Дрогнет мраморное вече,
Желудь цокает в висок…
Место первой нашей встречи
От тебя наискосок.
Так. Скудеющей походкой…
Так. Растеряны слова…
Там, за дымчатой решеткой
Тяжко стелется Нева.
Струны каменные четче
Всех чугунных — горний кряж…
Так тебя украсил зодчий,
Тот, что строил Эрмитаж.
Летний сад! Какое лето
Нас введет сюда вдвоем?
Вдоль гранита плещет Лета,
Покоренная Петром…
Однажды за чайным столом у покойного поэта и писателя II мы читали и обсуждали все эти стихи. Высказывались всевозможные догадки по поводу их автора, так и не опознанного в течение почти целого года. Все были согласны в том, что моя скромная особа послужила лишь поводом для вдохновения. Несомненно, адресат должен был скоро перемениться. И мое идиотски-прозаическое, обывательски-трусливое отношение к этим стихам уязвляло меня самого, внутренне отлучало от таинственного автора, заставляло желать, чтобы он скорее переменил адресата.
На следующий день я услыхал в телефоне незнакомый голос:
— Лев Львович! Вы читали мои стихи?
— Кто это говорит?
— Говорит автор стихов. Вы читали их?
— Читал. Я не знал, что это вам будет неприятно… Скажите, кто вы?
Ответа не последовало. Зато через день были получены новые стихи. С тех пор прошло более четверти века, но я никогда не забуду чувства обиды и стыда, которые пришлось пережить, прочтя их. Стыдно мне было не перед автором. Она напрасно сердилась на оглашение своих произведений: я, действительно, не был связан каким-нибудь обещанием. Вообще, перед этим человеком совесть моя была чиста. Но эти грозные строки я не раз вспоминал в других обстоятельствах, угрызаясь за собственные поступки и мысли. Вот эти стихи (в скобках даны слова, приблизительно восстановленные мною по памяти):
Твой голос? Не бойся: не вздумаю я
С тобой разговаривать часто!
Как будто я — Фигнер, а голос меня
Взял и отвел в участок!
Как будто — Рылеев. Стою. На плацу.
Оплевана. Всем Петербургом.
А если ударю. Тебя. По лицу.
Как раб Преступленьем. Ликурга.
Как будто с пристрастием начат допрос.
(И дома, и в грохоте улиц
Я слышу надменный и грубый вопрос:)
Перовская? Гельфанд? Засулич?
Пускай мне твой голос в горло удар,
Пускай не рожу тебе сына —
Вольноотпущенник! Трус! Жандарм!
Предатель! Шпион! Мужчина!
Да, что говорить! Эти строки способны привести надолго в самое удрученное состояние…

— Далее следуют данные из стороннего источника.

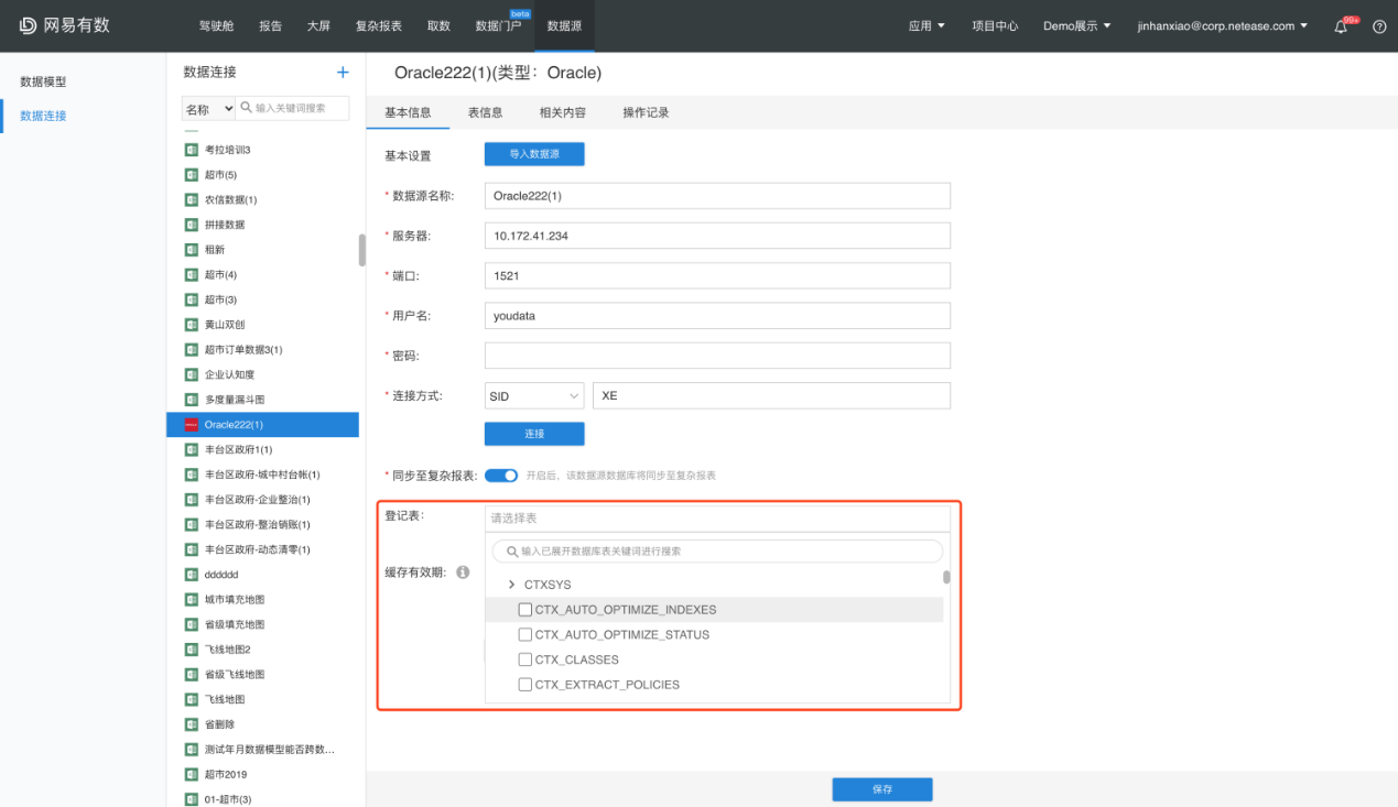 进入【数据源-数据连接】模块,打开需要同步的数据连接,目前支持:MapR Hadoop Hive、Apache Impala、Oracle、SQLServer、DB2、MySql几类数据源的同步。

Дня через два пришло письмо за полной подписью — Лидия Ивановна А…ва. III «Раз все равно всем уже все известно — прошу Вас внести в стихи следующие исправления» — и был приложен список мелких изменений.
Это была та самая дама, которую я когда-то встретил в зале апулийских ваз, которую, конечно, не раз встречал на набережных, на улицах, в кино. Но мы никогда не разговаривали сколько-нибудь серьезно.
В 1938 году все стихи Лидии Ивановны были у меня отобраны при обыске. Изучение этого маленького архива давало основание моему тогдашнему официальному собеседнику говаривать: «А у тебя немало было лирики в жизни…»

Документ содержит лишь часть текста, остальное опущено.